- [How to complete this task] Each entry below should be written out exactly as it is, with no pictures.

- [Materials provided]
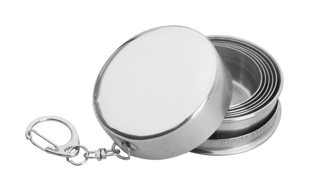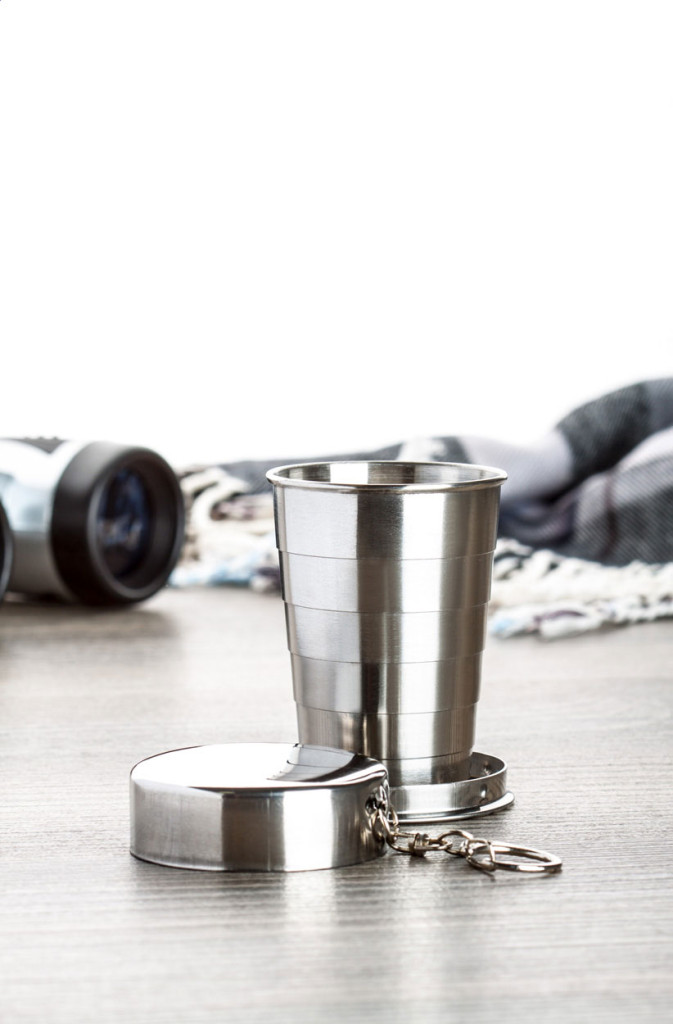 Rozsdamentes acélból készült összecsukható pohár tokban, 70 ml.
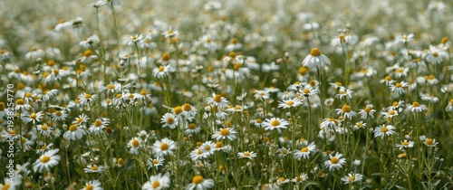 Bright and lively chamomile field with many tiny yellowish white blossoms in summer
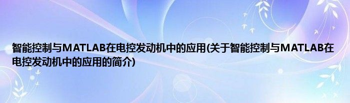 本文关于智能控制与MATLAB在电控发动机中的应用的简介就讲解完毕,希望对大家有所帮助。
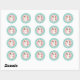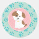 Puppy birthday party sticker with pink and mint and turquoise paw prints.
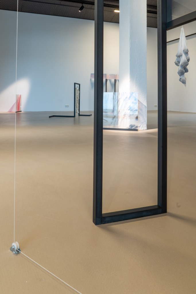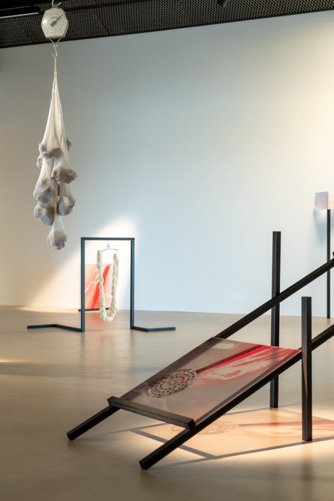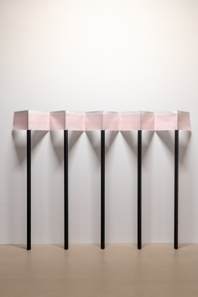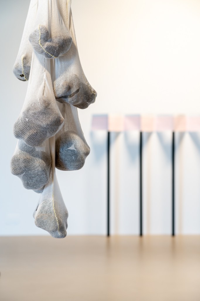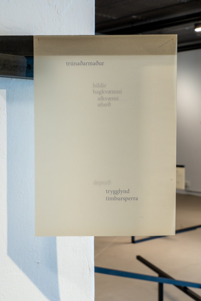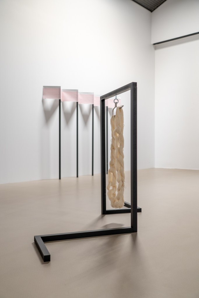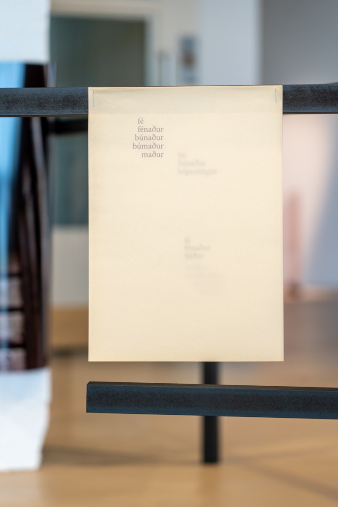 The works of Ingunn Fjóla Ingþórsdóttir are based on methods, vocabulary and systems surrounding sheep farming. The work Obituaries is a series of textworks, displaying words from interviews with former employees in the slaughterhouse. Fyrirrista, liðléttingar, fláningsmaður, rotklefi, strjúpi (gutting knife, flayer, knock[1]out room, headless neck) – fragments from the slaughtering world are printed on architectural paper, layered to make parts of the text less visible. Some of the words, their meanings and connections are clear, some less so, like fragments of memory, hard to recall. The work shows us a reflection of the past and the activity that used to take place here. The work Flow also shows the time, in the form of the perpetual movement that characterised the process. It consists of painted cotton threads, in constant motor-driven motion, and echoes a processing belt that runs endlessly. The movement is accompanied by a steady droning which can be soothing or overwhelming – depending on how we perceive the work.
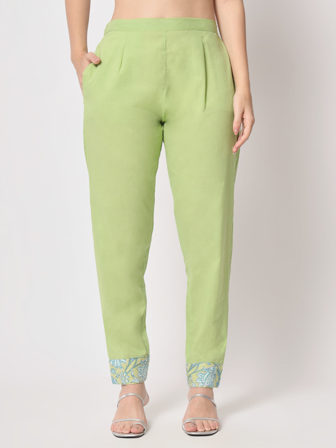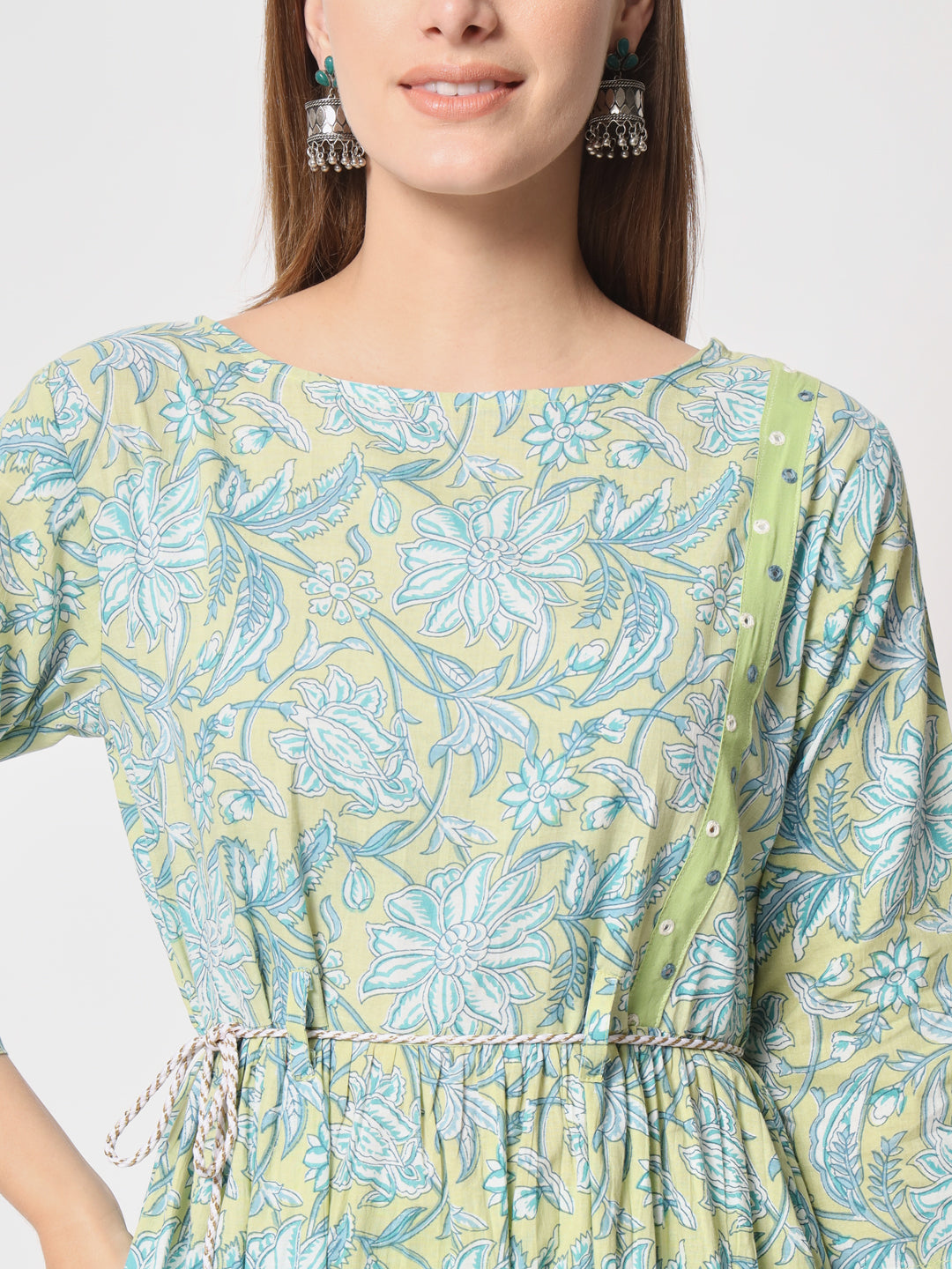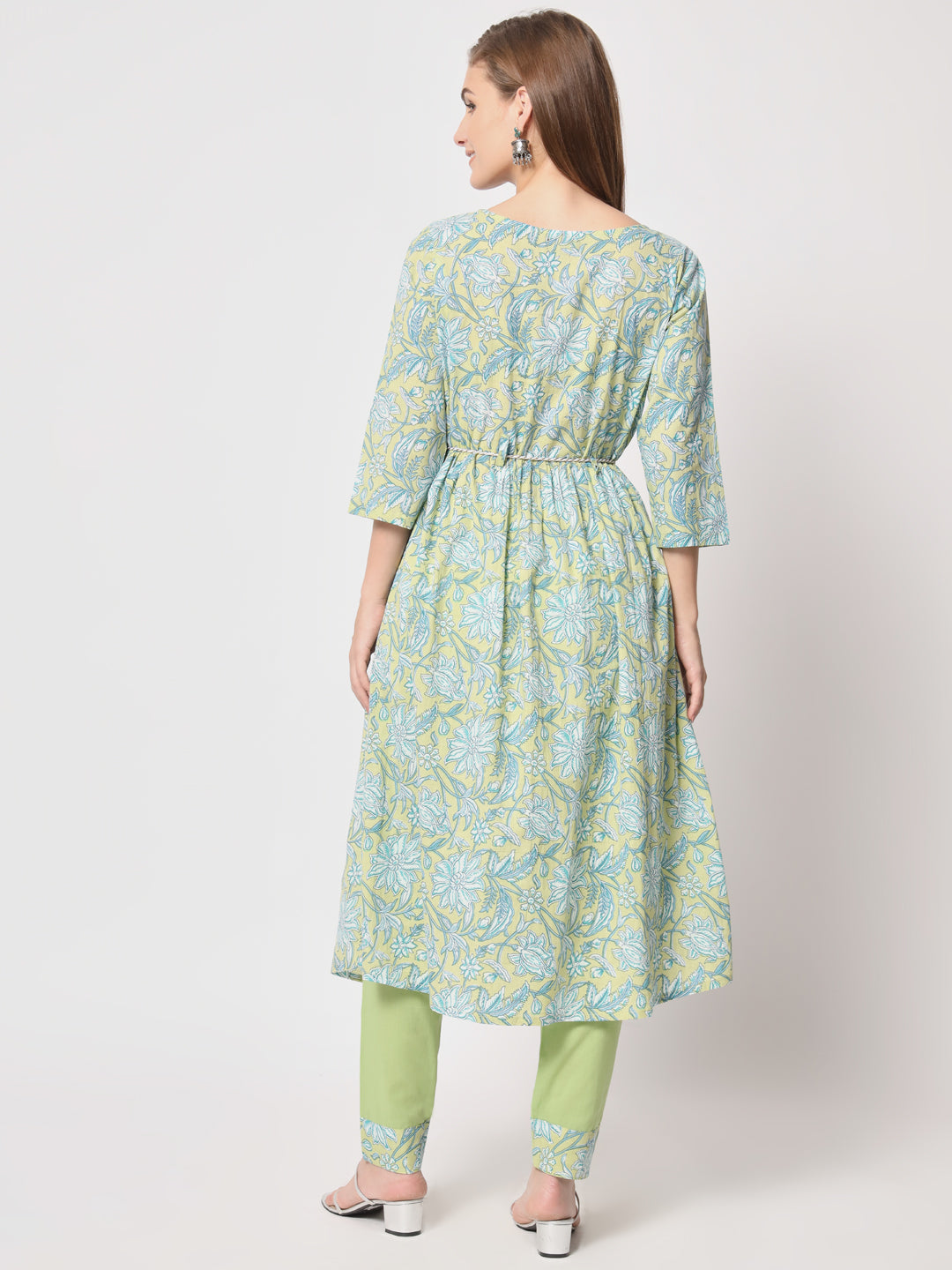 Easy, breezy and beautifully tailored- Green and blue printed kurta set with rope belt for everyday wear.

- [Exercise answer]
 Rozsdamentes acélból készült összecsukható pohár tokban, 70 ml.
 Bright and lively chamomile field with many tiny yellowish white blossoms in summer
 本文关于智能控制与MATLAB在电控发动机中的应用的简介就讲解完毕,希望对大家有所帮助。
 Puppy birthday party sticker with pink and mint and turquoise paw prints.
 The works of Ingunn Fjóla Ingþórsdóttir are based on methods, vocabulary and systems surrounding sheep farming. The work Obituaries is a series of textworks, displaying words from interviews with former employees in the slaughterhouse. Fyrirrista, liðléttingar, fláningsmaður, rotklefi, strjúpi (gutting knife, flayer, knock[1]out room, headless neck) – fragments from the slaughtering world are printed on architectural paper, layered to make parts of the text less visible. Some of the words, their meanings and connections are clear, some less so, like fragments of memory, hard to recall. The work shows us a reflection of the past and the activity that used to take place here. The work Flow also shows the time, in the form of the perpetual movement that characterised the process. It consists of painted cotton threads, in constant motor-driven motion, and echoes a processing belt that runs endlessly. The movement is accompanied by a steady droning which can be soothing or overwhelming – depending on how we perceive the work.
 Easy, breezy and beautifully tailored- Green and blue printed kurta set with rope belt for everyday wear.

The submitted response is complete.